Don’t force your child to get into the pool, and don’t let disappoint or disapproval color your interactions. This is for your child. It needs to happen at his pace. You can encourage your child to get in or to participate in play if you sense that he secretly kind of wants to, but don’t pressure him. If there’s another adult available to supervise your child, you can set an example by playing in the water while your child sits outside the pool and watches you. Provide encouragement, support, and time.
Kids learn by playing. The more you can make learning to swim fun for your kids, the more they’ll like it, the quicker they’ll learn, and the more fun you’ll have teaching them. Blowing bubbles may seem inconsequential, but it’s a great way to ease your kids into understanding breath control. Here’s a game you can play to make blowing bubbles even more fun than it already is.
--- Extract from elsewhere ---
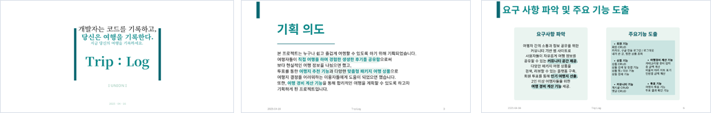 | 개요 | “개발자는 코드를 기록하고, 당신은 여행을 기록한다.” - I UNION I 다양한 사람들이 작성한 여행 후기를 서로 공유할 수 있는 여행 후기 커뮤니티 기반 플랫폼이며, 수많은 사람들의 솔직한 후기를 통해 보다 신뢰할 수 있는 여행 정보를 얻을 수 있는 프로젝트입니다. |

Have your child pretend to be a little fish blowing tiny bubbles in the water. Now have him be a big fish blowing big bubbles. Did you know that real fish have actually been observed playing bubble games. Fish like to play!
Even the best swimming lesson or play session in the water can turn ugly if you don’t have a plan for the moment you get out of the pool. Keep these four tasks in mind, and you and your kids will make it home (or at least back to the car) feeling as happy as you did in the water.
- Go straight from the pool to the shower after swimming. Kids’ skin is especially sensitive to pool chemicals.
- Don’t forget to have towels, a warm drink—even if it’s hot out—and a snack ready for right after your lesson. Swimming requires a lot of energy. Aside from all of the energy it takes to swim, there’s also a big energy expenditure just maintaining normal body temperature, even in a warm pool.
- It’s a good idea to have more than one towel for your child. If they’re big and fluffy, that’s even better. Spread your towels out so that the sun warms them while you’re in the pool. Use one towel to wrap around your child’s body while you use another to thoroughly dry his head and ears.
- Make sure to drain his ears and dry them well. Fluid trapped in the ear can be a breeding ground for outer ear infections. Have your child tilt his head from side to side to drain his ears. You can also use a blow dryer on the low setting to gently warm the air next to his ears.